Cargo ship woes raise concerns for crew, environment, says transport workers’ union


A cargo ship that went adrift off the Newfoundland coastline Sunday night has raised many safety concerns, both for the crew and the environment, says an inspector with the International Transport Workers’ Federation.

Transport Canada told CBC News it inspected the MV Baby Leeyn — which had all its certificates — in the days before the ship sailed and detected no mechanical problems.

Karl Risser, an inspector with the International Transport Workers’ Federation, says vessels with flags of convenience — meaning a ship registered in a country other than where the owners reside — traverse Canadian waters every day.

“A lot of times, all they care about is tonnage, and they don’t have a lot of rules and regulations,” he said.

“So it falls to Canadian port state control, or Transport Canada, to regulate these vessels and make sure they’re not leaving our ports unsafe.”

The Baby Leeyn — formerly the MV Jana — had been laid up in port for years after engine trouble and a payment dispute, and recently changed owners.

“The new company, hopefully, they did their due diligence when they came in, but a lot of times these companies are just looking to move into areas where … there’s less regulation,” said Risser.

Environmental association wants dedicated tugboat

Meanwhile, the head of the province’s environmental association is calling for a dedicated coast guard tugboat in the region.

“Had that vessel gone ashore and broken up, that wouldn’t have [been] cleaned up this year, it would have taken a couple of years,” said Stan Tobin.

The Canadian Coast Guard had to charter a tug on Sunday when the cargo ship MV Baby Leeyn broke down within two nautical miles of the Cape St.

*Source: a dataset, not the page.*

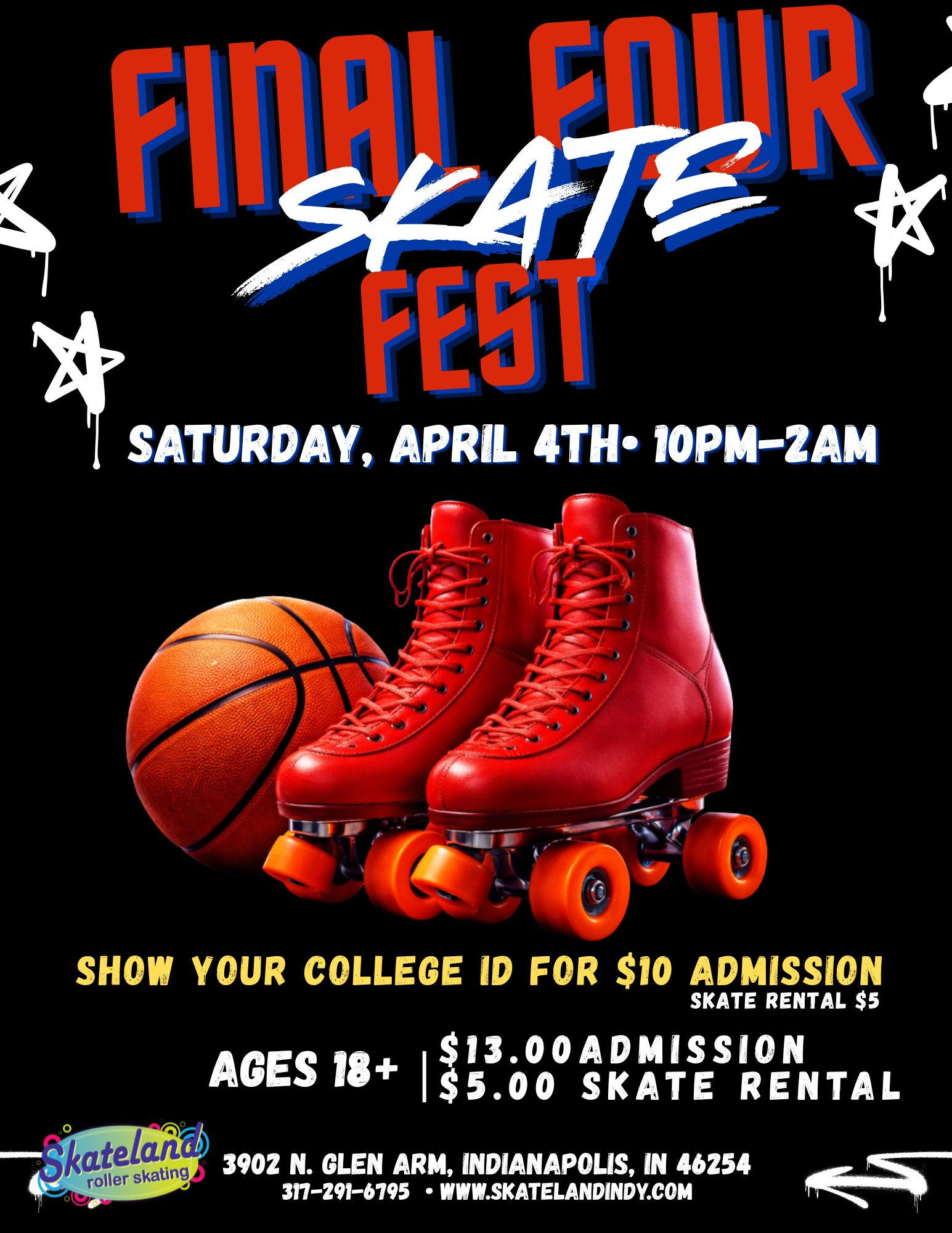 Final Four is in Indy! Calling all college students—pull up to Skateland this Saturday night and roll with us!Show your college ID and get in for just $10, with 5.00 skate […]
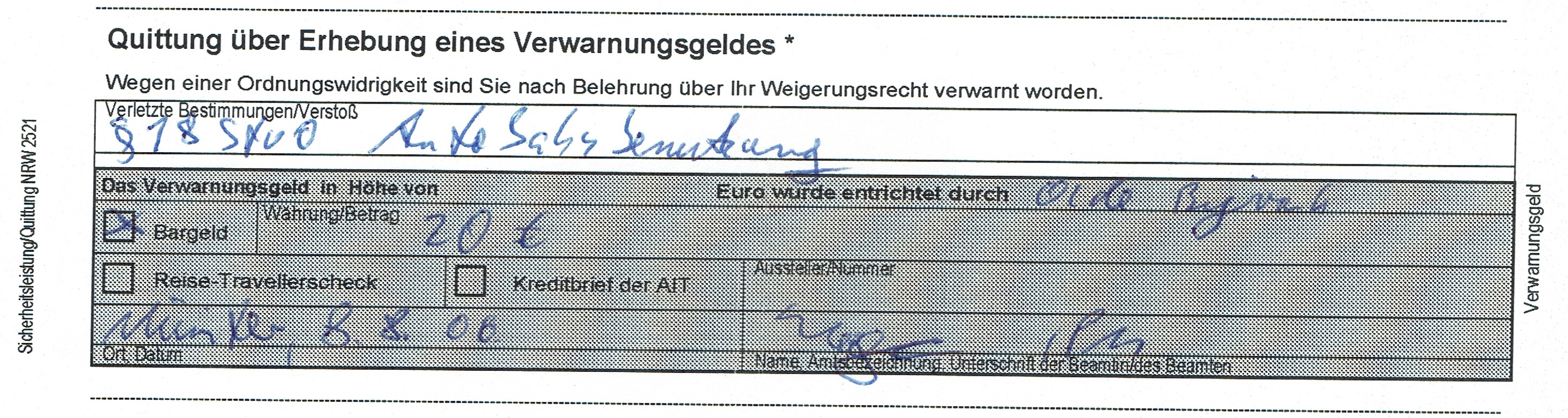 Ze vertelden me dat ik een verwarnung (=waarschuwing) kreeg van 20 euro. Of ik dat contant wilde betalen.

Mary’s Ecological Reserve after experiencing engine troubles.

The vessel was initially secured by the Beverly M, a tugboat from Argentia hired by owners of the Baby Leeyn, but the towline was parted due to poor weather conditions.

A second tug under charter to coast guard was able to get the disabled ship to port without environmental damage.

Tobin said the close call shows that the coast guard should have its own sea-going tug to help prevent potential shipping disasters.

“For our coast guard, that does such a wonderful job, to have to go out with hat in hand basically begging for a tug from somebody to rescue 11 people and avert an environmental disaster — is not good enough,” he told the St. John’s Morning Show.

“I don’t think the British or Norwegian coast guard would have to go out begging for a tug.”

Tobin said an advisory council to Transport Canada on marine spills and responses has been requesting a dedicated tug for the south coast, specifically the Placentia Bay area, for years.

He said the case of the Baby Leeyn illustrates the risks of having ships from all over the world — with varying degrees of mechanical and structural integrity — moving through parts of the ocean that are cherished environmental regions and fishing grounds.

“Had it been a fully loaded vessel, the assistance from those tugs might not have been enough to keep it off the rocks.”

​’Once is enough’

Tobin thinks it’s only a matter of time before another ship runs into trouble off the south coast, which is why he’s again calling on the federal government to put a first response station in the Placentia Bay area with a boat dedicated to the coast guard.

“You can say ‘well those incidents don’t happen very often,’ but once is enough,” he said.

“Whether we have that tug or whether we don’t is going to make the difference of whether we lose the south coast or Placentia Bay in years to come.”

The Turkish owners and the local ship’s agent declined CBC’s requests for an interview.